Many small businesses go to great lengths during the hiring process, dedicating a significant amount of time and resources to sift through potential candidates. Yet surprisingly, once they have decided on a new hire, many of these same businesses fall short in their orientation programs. Put simply, these businesses are shooting themselves in the foot.
When it comes to bringing a new employee into your business, the more care and effort you invest in the initial training process, the greater will be your return. This goes for all businesses big and small. Business owners should try keep the following idea in mind: The way in which you go about training that new employee will set the tone for his or her future performance and engagement in your company.
Why Good Employee Training is Important
Successfully training a new employee will reduce the amount of time the employee needs to learn the ropes, and reach optimal performance. It gives new hires the sense that you are invested in them and interested in bringing them on board. It is the initial step in building employee engagement so that they stay motivated and involved.
The Relationship Approach to Employee Training
Anyone who has sat through a formal, classroom-style training as part of a new employee orientation, can probably attest to the fact that they are both boring and impersonal. Regardless of the scope of the formal program, individual managers need to focus on a personal orientation initiative as well, one that is tailored to the specific job, team, and department.
As I mentioned above, hiring right is half the battle; helping new hires smoothly and successfully become oriented with different aspects of the business, including it's systems, culture, and work groups is the other half. The best way to go about doing this is through personal, one-on-one contact with the new hire and by creating a space where the new employee can both feel free to ask questions and receive appropriate, timely answers.
Tips to Successfully Train a New Employee
If you want to get your new hires started on the right foot, then consider these 7 tips for successfully training a new employee:
1. Spend time in the planning stage. Make sure that you clearly define the job responsibilities for yourself and your new employees. It may be a good idea to ask current workers for feedback, especially if the position is a new one and your current workers will be working in collaboration with the new hire. You should also get help constructing a solid employee handbook if you have not already done so.
2. Choose quality instructors and materials. Who you select to conduct the training will make a major difference in the success of your efforts, whether it's a professional educator or simply a knowledgeable staff member. Having the right training materials is also important, since these materials can become valuable resources for your new hires even well after they have been brought on board.
3. Slow down! depending on the size of your company or the complexity of the job on hand there will be a lot of new details and ground to cover especially in the first few days. Rome wasn't built in one day as they say. If you want your employee to retain all information coming his or her way, then try to pace out some of the orientation and introductions.
4 Make personal introductions. During those first few days, you should make an effort to personally introduce the employee to all relevant members of the business- with a focus on those who will be directly working with him or her. You should also explain each person's role and how they relate to each other. By making an effort early on to get the new employee introduced to co-workers and management, you open up the initial lines of communication that can significantly help with the orientation.
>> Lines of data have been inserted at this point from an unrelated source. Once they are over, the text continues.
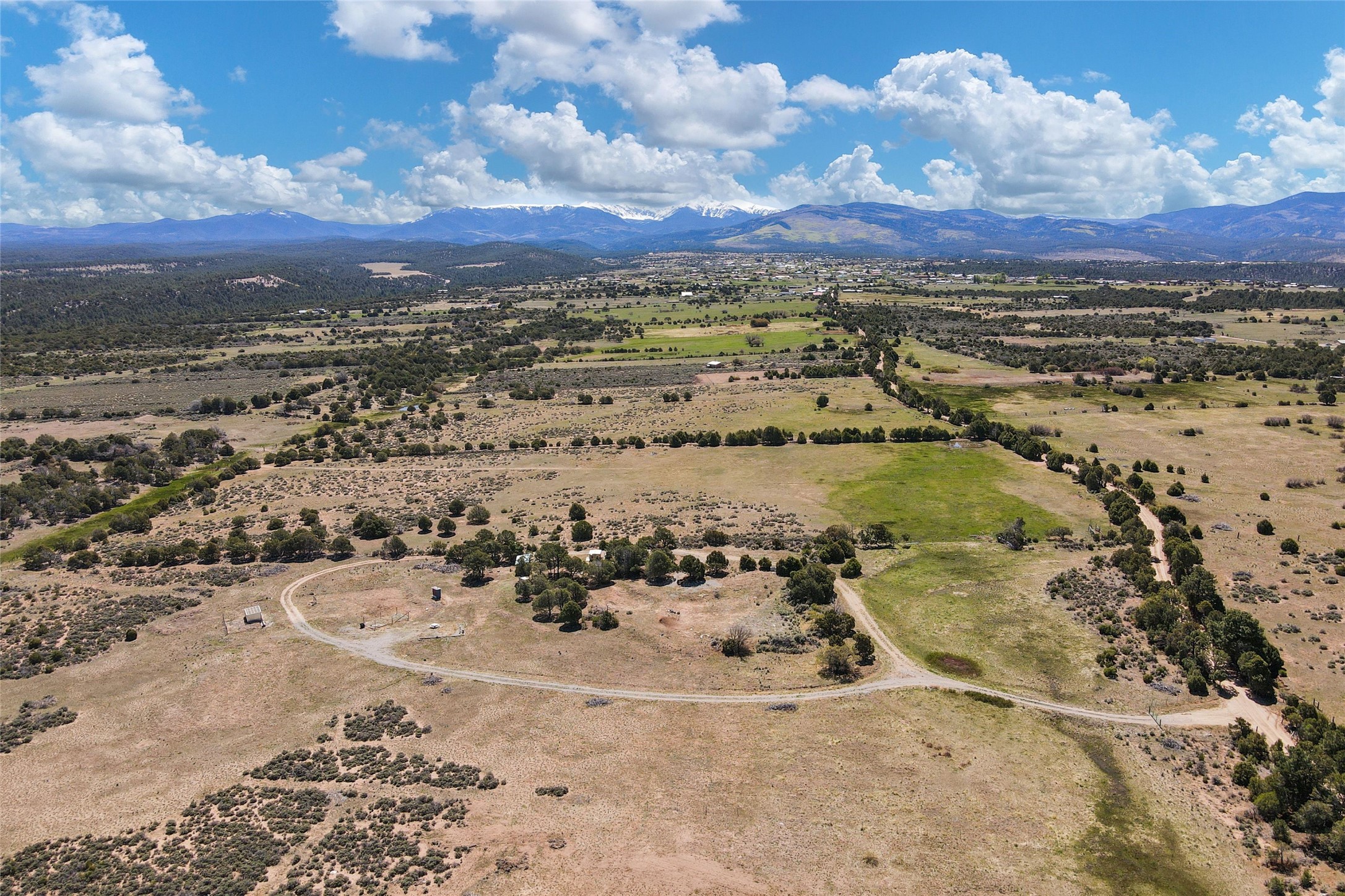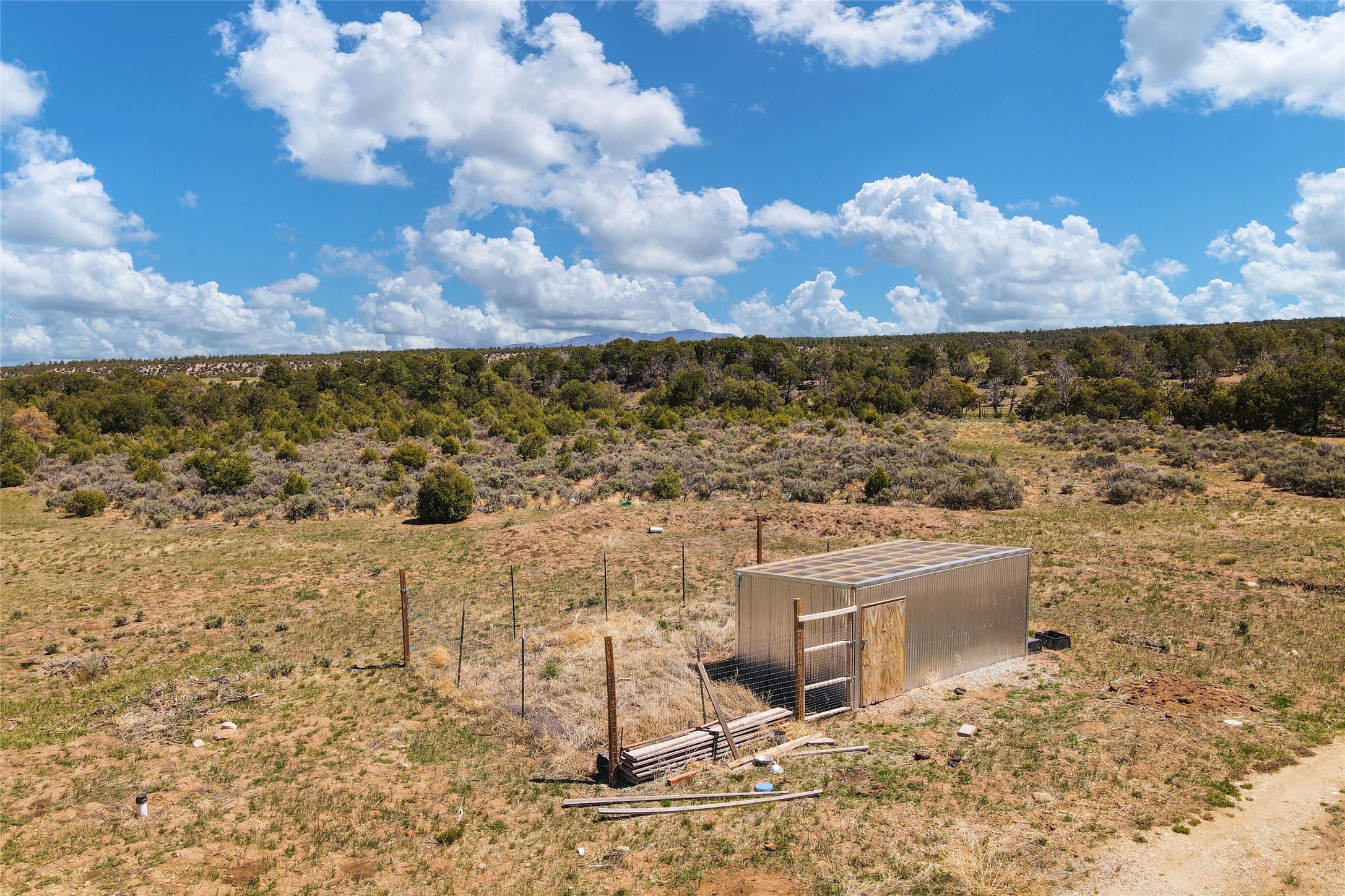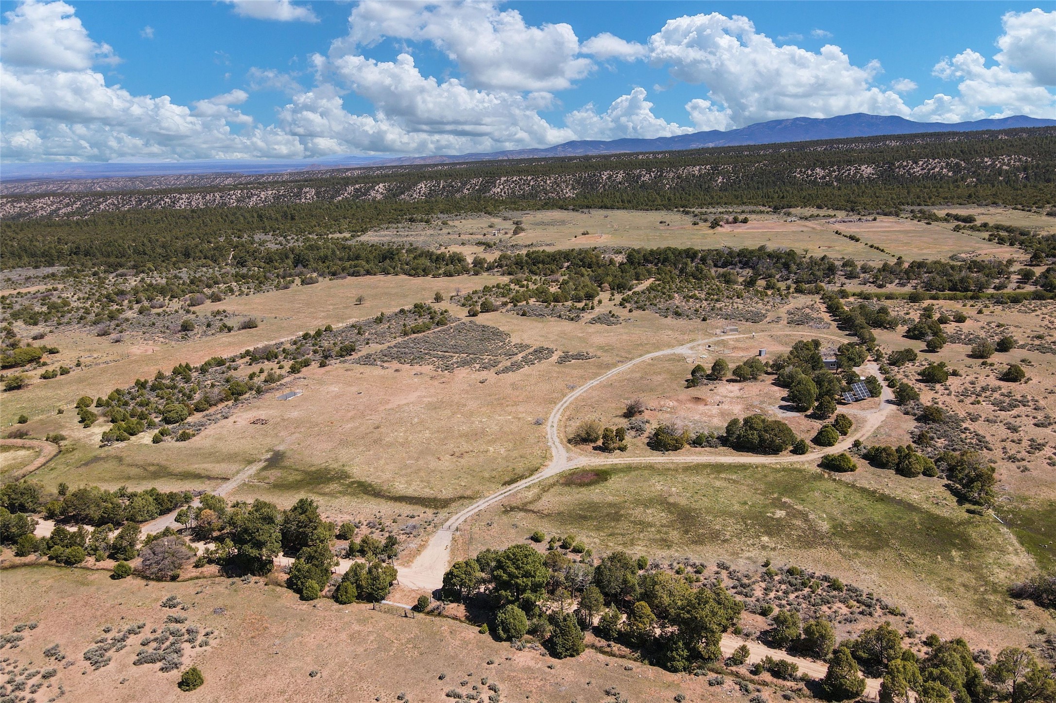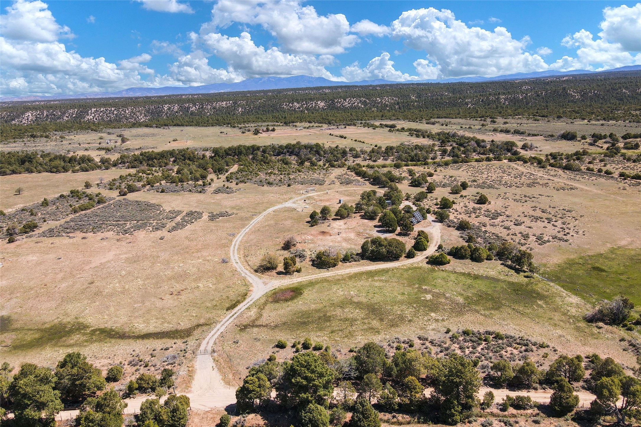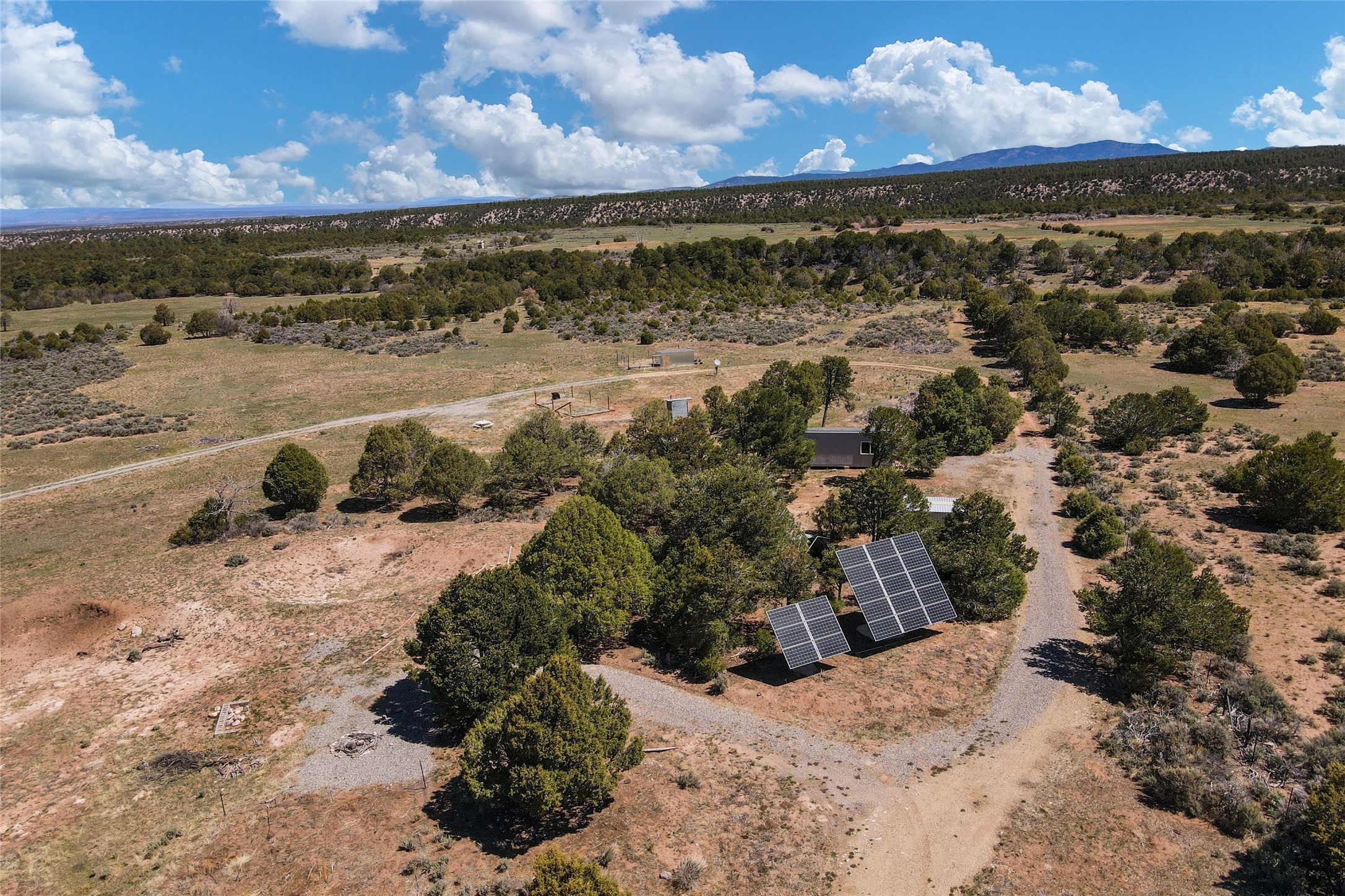 Beautiful and private hideaway in Truchas. 10.24 acres on County Road 77 (maintained by the county) and located northwest of the Truchas village, is situated on four separately surveyed parcels. Magnificent views of the Truchas Peaks to the east and the Jemez mountain range to the west. There are no covenants or restrictions on this property. The property includes Surface Water Rights and a private domestic well with a high end, off grid 1800 watt solar setup specifically for the well and includes 4 hydrants at various locations. An additional high end, off grid 4500 watt solar setup for electricity to a home. Electrical infrastructure in place to the RV pad (possible home site or cabin) and three additional locations. A new septic system sized to accommodate a 3 bedroom home. Drainage installed with culverts to prevent flooding/pooling and mud. The 240 sf cabin is sized to be a great workshop while you are building your home. There is a separate shed which houses all of the solar batteries and infrastructure for the solar system. The property is gated and fenced on three sides with 5 strand barb wire, heavy duty metal posts and T posts and on the fourth side with a two strand older hot wire fence setup. Access to the Carson National Forest and BLM public lands is a short hike. Fantastic opportunity to own a mountain retreat at 8000 feet elevation and experience the cooler summer days and nights. Close proximity to Sipapu, Pajarito, Santa Fe and Taos ski resorts for your winter time activity. Great property for the animal lover and outdoor enthusiast. Fantastic place to call home and raise your family.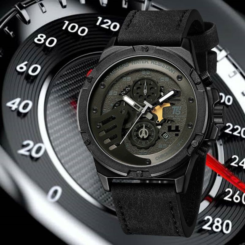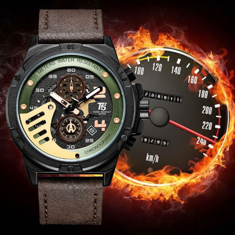 Jam Tangan Pria T5 100 Original Kronograf Jam Tangan Cowok Tahan Air Quartz Analog Strap Kulit Shopee Indonesia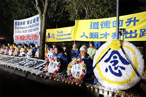 2018年7月20日晚,墨尔本部份中西法轮功学员,在中领馆对面举行了反迫害19周年烛光悼念活动。这是墨尔本一年之中最冷的时节,白天时断时续的冷雨,让夜晚的寒风更凛冽。人群中有刚刚学会走路的幼童,也有80多岁的长者;有才走入修炼的15岁学生,也有20多年前亲耳聆听李洪志师尊第一次澳洲讲法的老学员。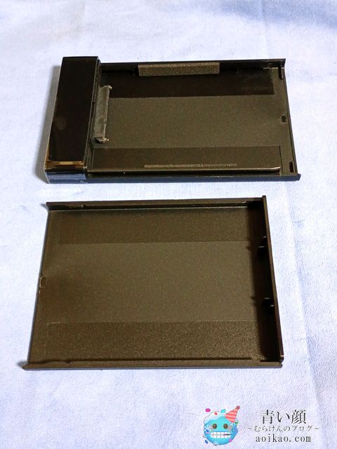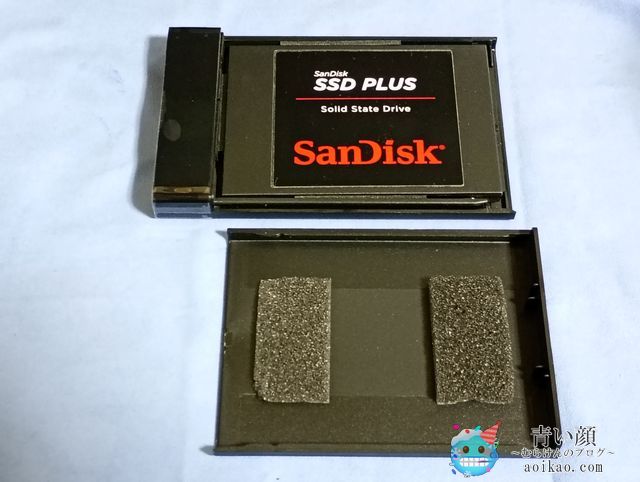 次にクッションですが、説明ではSSD本体に貼り付けることになっていますが、将来的に、内部のSSDを交換するかもしれないので、その時に備えて、SSD本体ではなく、蓋の裏側に貼り付けました。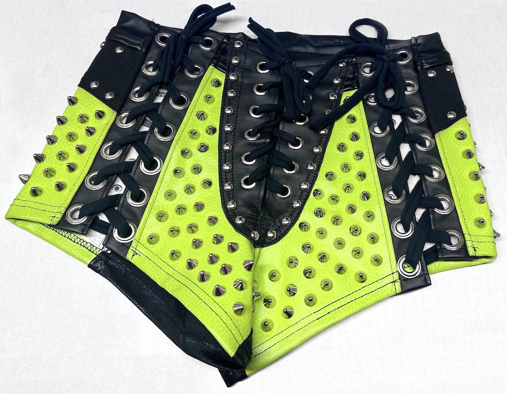 Worn wardrobe: Shotzi Blackheart custom-made green and black Wicked Lester spiked shorts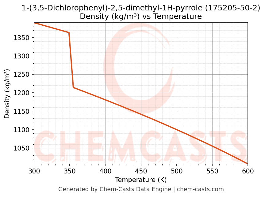This page presents the temperature-dependent thermodynamic and transport properties of 1-(3,5-Dichlorophenyl)-2,5-dimethyl-1H-pyrrole (CAS 175205-50-2) calculated at a constant pressure of 1 atm (101325 Pa) over the temperature range 250-500 K.

5. Pay attention to the outcome. To get an idea as to how effective you are being with your training initiatives, you should have several performance measurements in place. Depending on the nature of your business, you could consider, the amount of time it takes the new hire to complete a specific task, the amount of waste or mistakes being made, or how successful the new employee's input is.
6. Ask for feedback from the new hire. One of the most essential measurements of the success of new employee training is direct feedback from the new hire. There are two issues to consider before soliciting feedback: 1. Make sure your timing is right. You can't ask for feedback too soon after hiring, but at the same time don't wait till six months have passed. I recommend asking for feedback one to three months after hiring. 2. Where possible make the questions anonymous, since the new hire may be afraid to speak up. If the survey can't be anonymous, then it's success will depend on how much you as the employer will truly consider and value what the new employee has to say. If your attitude is in the right place then it will positively affect the truthfulness and thoroughness of the response.